Quote the records beneath, complete and exact. Leave out images.

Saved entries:
------------

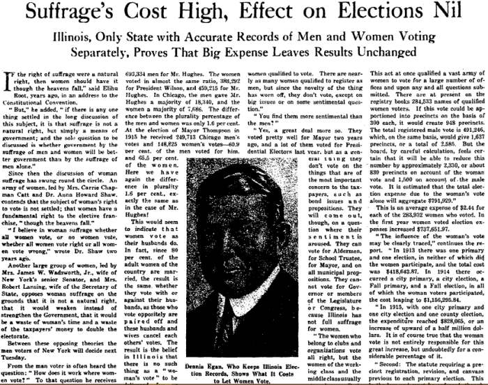 As for increased election costs, it was estimated that New York state would see expenses rise $2.8 million as a result, equivalent to about $52.7 million today. The article ends by referring to how that money could presumably be better spent as World War I raged on:
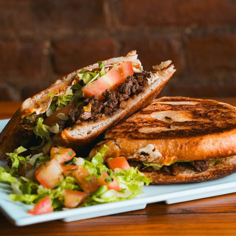 Grilled marinated choice steak with melted Jack cheese in a toasted 12" flour tortilla. Add guac, sour cream, salsa for an extra charge
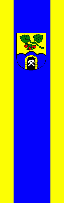It is a yellow - blue - yellow vertical triband with ratio 1:3:1. The coat of arms is in the blue stripe and shifted to the top.
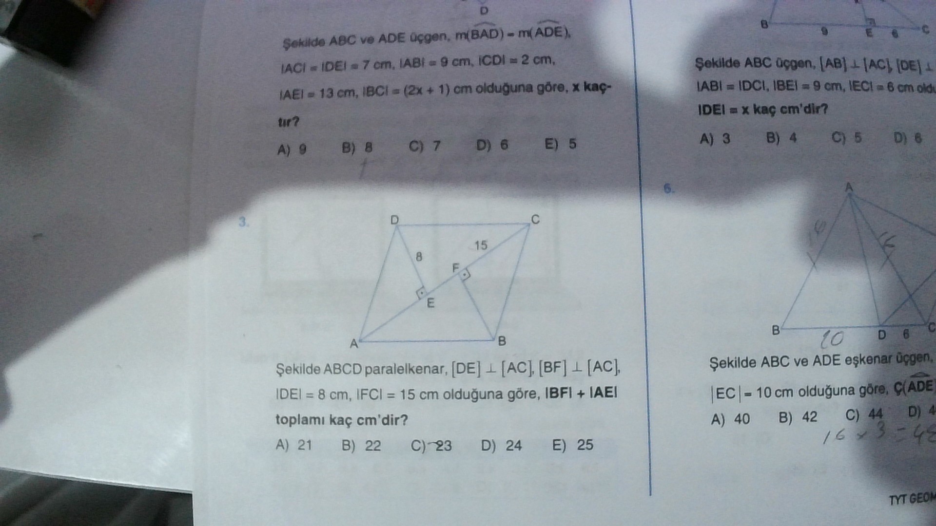 Şekilde ABC ve ADE üçgen, m(BAD) = m(ADE),
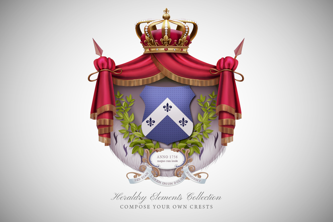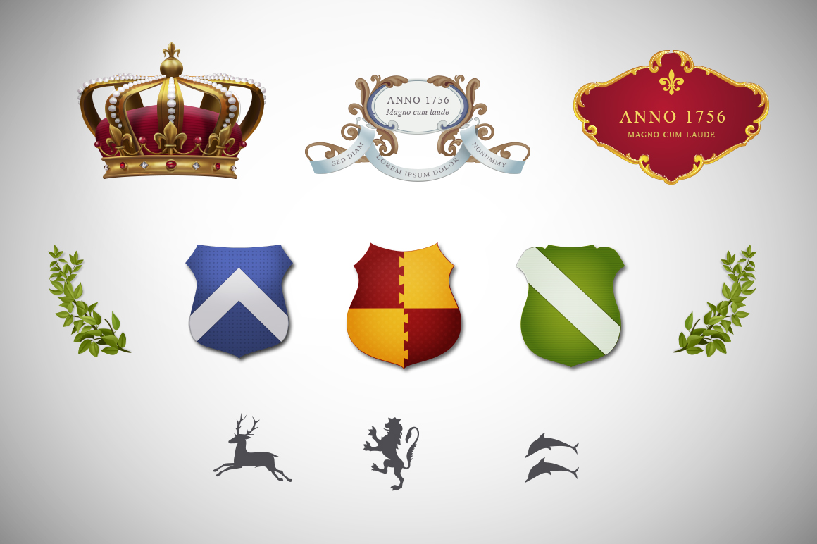 Collection of shields, laurel branches, ornate crests, heraldry shapes and crown. All elements are vector smart objects painted over and styled in Photoshop. You can mix and match them for making your own logo or coat of arms. Times New Roman font was used.
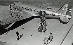 To start the route from Oslo to Bergen immediately, a Ju 52 was wet leased from Lufthansa. It was delivered on 7 June and initially kept the blue Lufthansa livery, including a swastika. The aircraft was registered as LN-DAE, christened Havørn and later received DNL's livery. Operations were scheduled to commence on 7 June, but fog forced a delay until 11 June. After that there were flown 180 trips with a 100% regularity. Training was done by German crew on board Havørn. Travel time from Oslo to Bergen was four and a half hours, with intermediate stops in Moss, Arendal, Kristiansand, Stavanger and Haugesund. It cost NOK 95 to fly the full journey. During the first season, DNL transported 3,214 passengers and 31.6 tonnes (31.1 long tons; 34.8 short tons) of mail. It also took over Norwegian representation for Aerotransport, DDL, KLM, Sabena, Air France and Aero, and joined the International Air Traffic Association. At the end of the year, Havørn was purchased. On 6 June 1936, DNL registered its second Ju 52, LN-DAF Najaden. After the Havørn Accident eleven days later, the airline purchased another Ju 52, LN-DAH Falken, used from Lufthansa.[12]
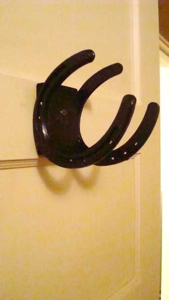 Hizo 10 ganchos de herraduras (que tenían de sus caballos) y montado en un tablero y clavado a una viga en la pared.
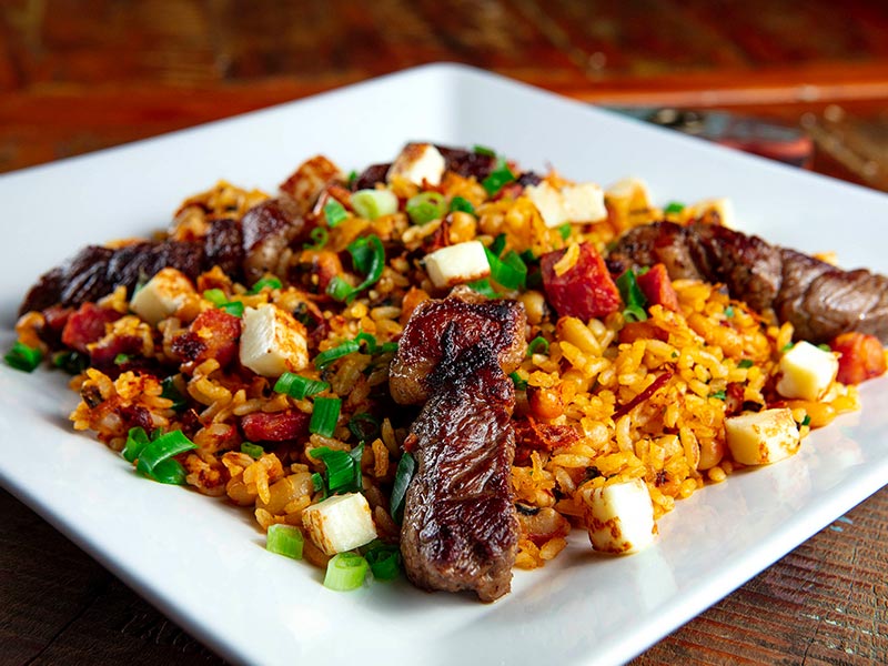 Famoso ‘‘feijão com arroz’’, carne seca desfiada, linguiça toscana, tiras de contrafilé e cubos de queijo coalho.
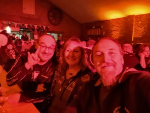 Sur place nous sommes accueillis avec une sangria de la mort qui tue en apéro suivie d’un délicieux repas. Quel plaisir de retrouver ses amis de partout en Belgique et même du sud de la France avec Fredo du Var-West Toulon Chapter France qui, pour l’occasion, fait l’expérience des traditions grévistes de Ryanair à Charleroi 😉
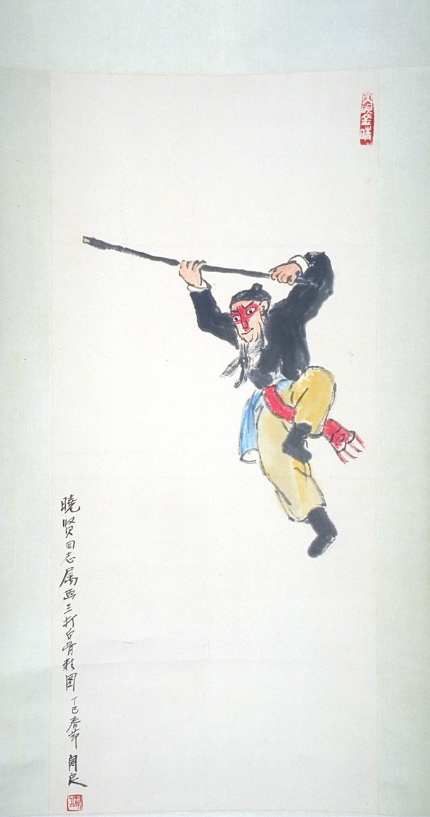 The Monkey King, 1977. By Guan Liang (Chinese, 1900-1986). Hanging Scroll, ink and colors on paper. Gift of the Jack Anderson Collection, 1994.116.

------------

◆ Task response ◆
 As for increased election costs, it was estimated that New York state would see expenses rise $2.8 million as a result, equivalent to about $52.7 million today. The article ends by referring to how that money could presumably be better spent as World War I raged on:
 Grilled marinated choice steak with melted Jack cheese in a toasted 12" flour tortilla. Add guac, sour cream, salsa for an extra charge
It is a yellow - blue - yellow vertical triband with ratio 1:3:1. The coat of arms is in the blue stripe and shifted to the top.
 Şekilde ABC ve ADE üçgen, m(BAD) = m(ADE),
 Collection of shields, laurel branches, ornate crests, heraldry shapes and crown. All elements are vector smart objects painted over and styled in Photoshop. You can mix and match them for making your own logo or coat of arms. Times New Roman font was used.
 To start the route from Oslo to Bergen immediately, a Ju 52 was wet leased from Lufthansa. It was delivered on 7 June and initially kept the blue Lufthansa livery, including a swastika. The aircraft was registered as LN-DAE, christened Havørn and later received DNL's livery. Operations were scheduled to commence on 7 June, but fog forced a delay until 11 June. After that there were flown 180 trips with a 100% regularity. Training was done by German crew on board Havørn. Travel time from Oslo to Bergen was four and a half hours, with intermediate stops in Moss, Arendal, Kristiansand, Stavanger and Haugesund. It cost NOK 95 to fly the full journey. During the first season, DNL transported 3,214 passengers and 31.6 tonnes (31.1 long tons; 34.8 short tons) of mail. It also took over Norwegian representation for Aerotransport, DDL, KLM, Sabena, Air France and Aero, and joined the International Air Traffic Association. At the end of the year, Havørn was purchased. On 6 June 1936, DNL registered its second Ju 52, LN-DAF Najaden. After the Havørn Accident eleven days later, the airline purchased another Ju 52, LN-DAH Falken, used from Lufthansa.[12]
 Hizo 10 ganchos de herraduras (que tenían de sus caballos) y montado en un tablero y clavado a una viga en la pared.
 Famoso ‘‘feijão com arroz’’, carne seca desfiada, linguiça toscana, tiras de contrafilé e cubos de queijo coalho.
 Sur place nous sommes accueillis avec une sangria de la mort qui tue en apéro suivie d’un délicieux repas. Quel plaisir de retrouver ses amis de partout en Belgique et même du sud de la France avec Fredo du Var-West Toulon Chapter France qui, pour l’occasion, fait l’expérience des traditions grévistes de Ryanair à Charleroi 😉
 The Monkey King, 1977. By Guan Liang (Chinese, 1900-1986). Hanging Scroll, ink and colors on paper. Gift of the Jack Anderson Collection, 1994.116.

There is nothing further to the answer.